Когда хозяин улыбнулся, стали видны его подгнившие зубы. И Лео подумал:
«Зубы у него неважнецкие, жаль».
Барышня за старой машинкой сказала:
Ну, что ж!
Ну, что ж! – повторил господин Бертеле и посмотрел на мальчика не без лукавства, как на союзника. Затем спросил:
Почему же с тобой не пришел отец?
Лео рассказал всю историю о своей полуслепой бабке. Что у паренька не было настоящих родителей, господина Бертеле, видимо, не смутило. Левой рукой он играл выключателем, который щелкнул у него восемь раз. (Лео сосчитал.)
Затем он вдруг сказал:
Ладно, ты принят. Завтра принесешь письменное согласие бабушки. А сейчас пошли вниз, в мастерскую. Когда рабочий день кончится, отведешь на место мой велосипед.
Фрейлейн Хегеле, – сказал он, кивнув головой в сторону раскосой мордашки, которая не подняла глаз, а только ответила:
Да?
Затем она встала и прошла с Лео в коридор, откуда дверь вела в подвал.
«О, это дама серьезная», – думал Лео, когда она шла рядом с ним.
Лестницу освещали две неоновые трубки. Внизу раскосая девица завернула за угол и, отворив изрядно ободранную дьерь, пропустила мальчика вперед. Сказала:
Новый ученик.
И тут же ушла.
В подвале было двое парней. Один, в синих штанах, сидел перед катушкой кабеля, лежавшей на верстаке. У него был хрупкий, точно восковой нос и жидкие бесцветные волосы. Другой, в углу, стоял на верхней ступеньке стремянки, и Лео видел только его туловище. Голова этого парня была просунута в отверстие, образовавшееся в потолке, видимо оттого, что две доски его деревянной обшивки были раздвинуты. Сейчас эта голова вылезла из дырки и сказала:
Старик у кассы.
Другой, с восковым носом, скучливо кивнул. Затем обратился к Лео:
Вот ты и здесь.
Мальчик назвал себя, а тот, за верстаком, сказал другому, на стремянке:
Ганс, разъясни ему положение.
У Ганса, парня лет шестнадцати, было мясистое красное лицо и немыслимо большой рот, впрочем, добродушный. В отчаянно заношенном монтерском комбинезоне он слез со стремянки и отбарабанил:
Я Ганс, твой старший. Вертеле старый халтурщик и хапуга. Фирма – «Прогар и компания». Старик живет с раскосой мордашкой. Из дырки там, наверху, в которую я глядел, видно, что делается в лавке.
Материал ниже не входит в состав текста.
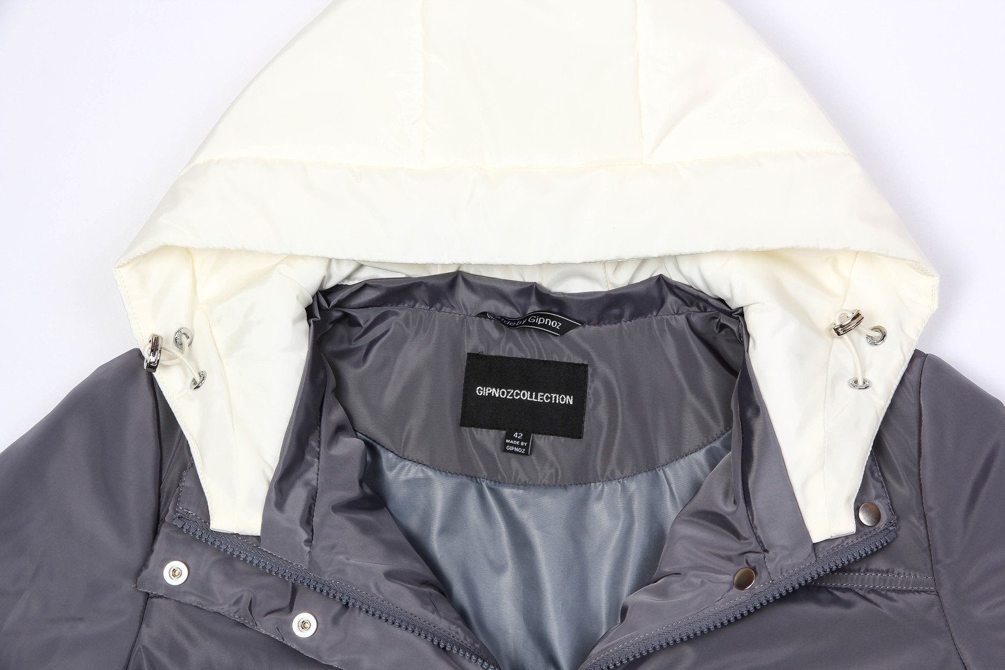 Легкое пальто из плащевой ткани — отличный вариант на межсезонье, плотная ткань защитит от ветра и дождя. Изделие прямого силуэта, объем изделия свободный. Отличительная особенность — отстегивающийся капюшон цвета слоновой кости прекрасно смотрится около лица. Накладные карманы уже несколько сезонов очень популярны — также присутствуют в нашей модели. По линии низа спинка длиннее переда. Утеплитель термофин, плотность 100. графит

Когда старик пойдет вниз, говори «двадцать четыре». Это тайный пароль, тогда мы уж знаем, что делать. Тебе придется каждый день отводить велосипед старика на Бавариаринг, он там живет, но возвращается домой поздно и всегда на трамвае. Только ты на велосипеде не езди – старикашка иной раз шпионит, – а веди его. Вот такое положение. Этого зовут Тони Шалерер, – добавил он еще. – Он младший монтер.
Необычный инструктор пренебрежительно кивнул в сторону сидящего. Лео скорчил – правда, ненадолго – кислую физиономию. Он хотел получить дальнейшие сведения, но тут младший монтер взял в руки стеклянный аппарат с резиновой грушей и зеленой жидкостью внутри. Он поднес этот аппарат к носу и нажал на грушу. Что-то зашипело, и из пульверизатора брызнул тоненький дождик, пахнувший еловым лесом. Человек у верстака стал жадно втягивать в себя эти струйки. А Ганс, доверительно улыбаясь и совсем тихо, сказал новичку:
У него с легкими неважнец, чахотка. – И повел большим пальцем в сторону спины младшего монтера.
Лео сделалось не по себе.
Но Ганс тут же добавил:
Вообще-то у нас здорово, из сил не выбьешься. Завтра идем по наряду в сельскохозяйственное ведомство.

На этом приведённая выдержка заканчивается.